Yellow Jackets are the spawn of the devil. Flying azzholes.
originally posted by: Edumakated
originally posted by: rickymouse
I have seen a huge wasp or bees nest like that before. I do not know what kind of insect made it, I just backed off when I saw the big swarm and did not go back in that area anymore.
Many wasps are not a problem if you leave their nest alone. Some are even real docile. but there are a few radical groups and kinds of wasps and hornets that get all fired up when they see anyone.
It looks like some sort of deformed hornet nest to me.
However, it could be a plain ole yellow jacket nest. They will pretty build a nest in anything although in ground is the most common. There are several videos of them with nests in walls. My guess is that it may have started out in a soffit/gutter and as the colony grew, it expanded outside into the shape in the picture.
originally posted by: Lucidparadox
I am generally fearless. I laugh in the face of any and all danger...

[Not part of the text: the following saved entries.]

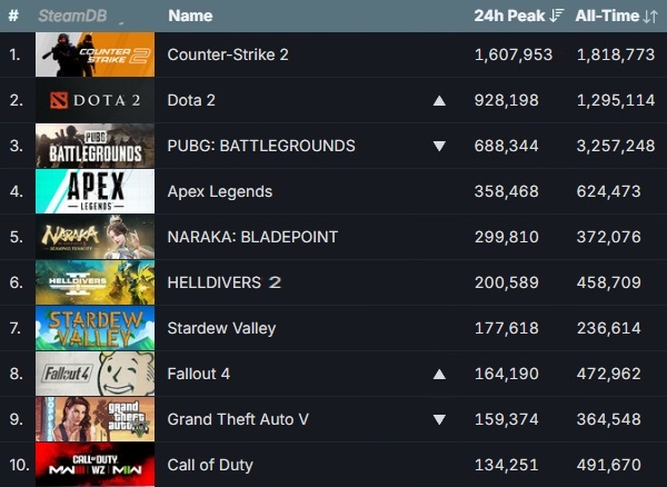 폴아웃 4가 이용자 수 8위에 오른 가운데 톱 7 게임의 면면에는 변화가 없었다. 지난주 크래프톤 '펍지: 배틀그라운드'에 2위를 내줬던 밸브 코퍼레이션 '도타 2'는 19일 '왕권의 몰락' 업데이트 예고 후 복귀 이용자가 몰리며 2위 자리를 탈환했다.
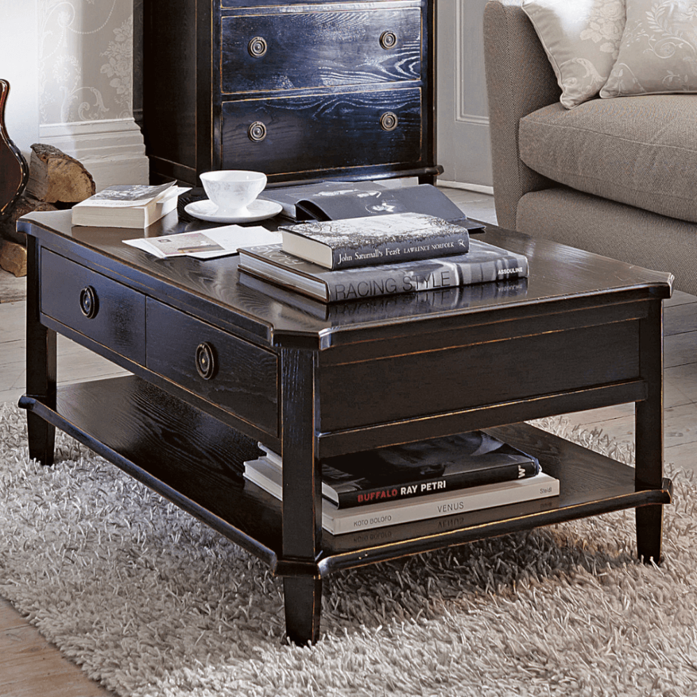 Black Henshaw 2 Drawer Painted Wood Coffee Table
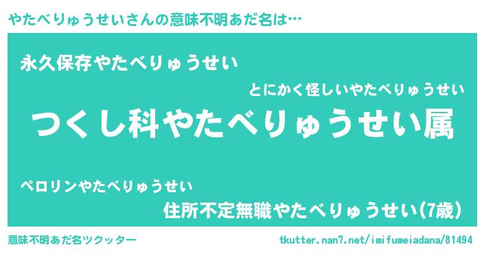 | 伝説のあだ名 | 『古文書に記された勇者やたべりゅうせい』 |
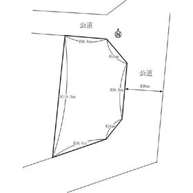 接道状況 北 6.0m 公道 接面11.5m ・ 東 6.0m 公道 接面8.8m ・ 南 6.0m 公道 接面12.8m ・ 三方道路 地目 宅地
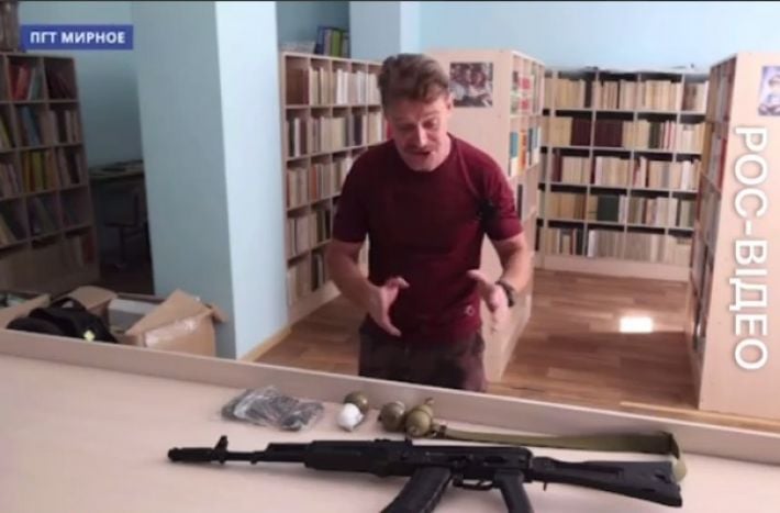 Російські пропагандисти відкрито вихваляються цим. На одному з відео кремлівський рупор Хорьков з особливою радістю розповідає, що до школи в селищі Мирне під Мелітополем завезли гранати, патрони та автомати Калашникова.

I cry and scream and shriek bloody murder in the face of wasps as I run away in terror
originally posted by: Nyiah
I hate to make everyones skin crawl even more, but I followed the source link in the article linked in the OP, and it went back to the original NYT article....the actual photo of this monster is even more horrifying than the pic in the OP.
www.nytimes.com...
I agree with my hubs, "Oh hell no. Nope! Nuke the f#er from orbit, we're building a new smokehouse, burn it to the ground!"
originally posted by: pteridine
a reply to: eManym
Gasoline is ok for underground nests or nests in trees, but gasoline for nests in buildings is not a good plan. Big underground yellowjacket nests will succumb to dry ice. Powder the dry ice in a rag using a mallet. At night, cover the nest with plastic and seal/weight the edges after putting a container of the dry ice and a funnel inside. Pour into the nest. Can also just put the dry ice under the tarp but it will take a little longer. CO2 is roughly 1.5 times as dense as air and will displace it and fill the nest with CO2. Sleepy time [permanent] for yellow jackets.
originally posted by: CharlesT
The middle picture is a dirt dauber where I come from. Yes, the last picture is a yellow jacket. We have red wasp, and guinea wasps that are yellow with black bands on the abdomen that build nests under eves of houses but that looks like a hornet's nest to me.